Textbook Assignment: Chapter 9 pages 255-264. There is a typographical error on page 264, column 1, line 6. Instead of "near the 3' end of the coding region", it should read "near the 5' end of the coding region".
Related web page: I would encourage you to visit the Winding your Way through DNA web page and click on "From Corned Beef to Cloning" near the bottom of the page. This is an informal description of how several independent discoveries all converged to give rise to the discovery of methods for cloning genes, as told by Stanley Cohen and Herbert Boyer, the investigators who did that research. To get to each new page, click on the arrowhead pointing to the right near the bottom of the previous page (you sometimes have to scroll past a blank area to find the arrowhead).
Major concepts
Recombinant DNA technology: This is the first of a series of lectures on gene cloning and other aspects of recombinant DNA technology. Recombinant DNA in this context refers to the creation of a new combination of DNA segments that are not found together naturally. Such technology is now widely used in many practical applications ranging from basic research on control of gene expression to forensic medicine to biotechnology. This lecture focuses on a group of highly specialized enzymes, the restriction endonucleases, which allow DNA to be cut at specific sites in a manner that permits the rejoining of cut ends to create new combinations. This opens the way for gene cloning by inserting the gene of interest into a self-replicating bacterial plasmid (a small circular DNA molecule with its own origin of replication). Later parts of the lecture discuss some of the techniques used to identify vectors containing cloned DNA sequences.

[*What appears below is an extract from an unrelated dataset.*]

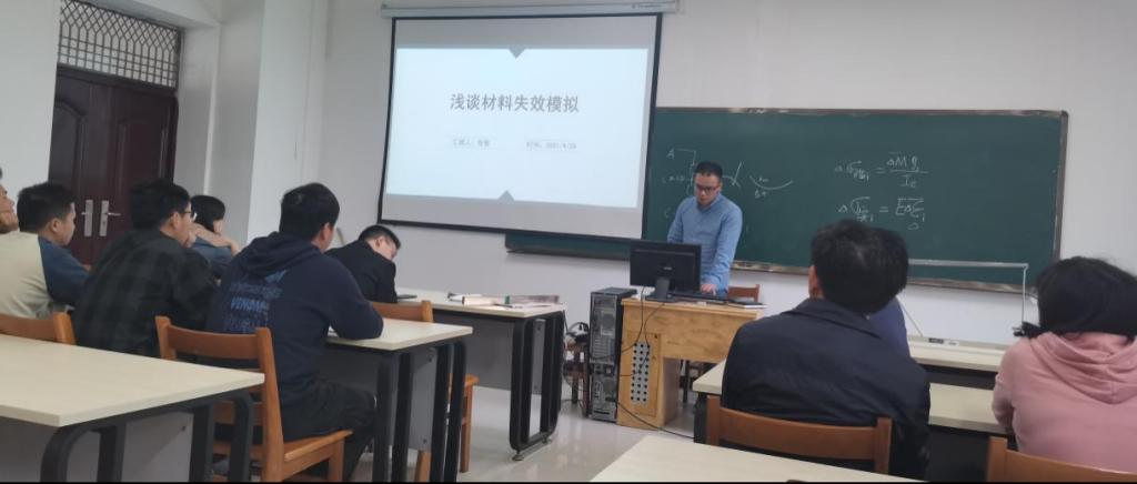 活动首先由张敏老师基于前期开展的项目研究内容作了主旨为“材料失效模拟研究”专题讲座,从材料失效模型、材料冲击失效试验测试、材料失效建模与数值模拟以及与测试试验对比验证几个角度进行了深入的报告,基于前期项目研究内容以及现阶段船舶领域冲击研究热点与发展趋势进行了分析,最后总结了材料失效仿真领域最新的研究方法。

Restriction endonucleases: An endonuclease is an enzyme that can cleave the phosphodiester bonds of a nucleic acid at an internal site (as opposed to cleavage by an exonuclease, which can only remove nucleotides from one of the ends of a nucleic acid). Some endonucleases cut internal bonds of DNAs or RNAs randomly. However, restriction endonucleases cut both strands of a double stranded DNA only at specific restriction sites. There are many different restriction endonucleases, and each is highly specific for a restriction site, which usually consists of 4, 6, or 8 base pairs, with a few exceptions that will be discussed later.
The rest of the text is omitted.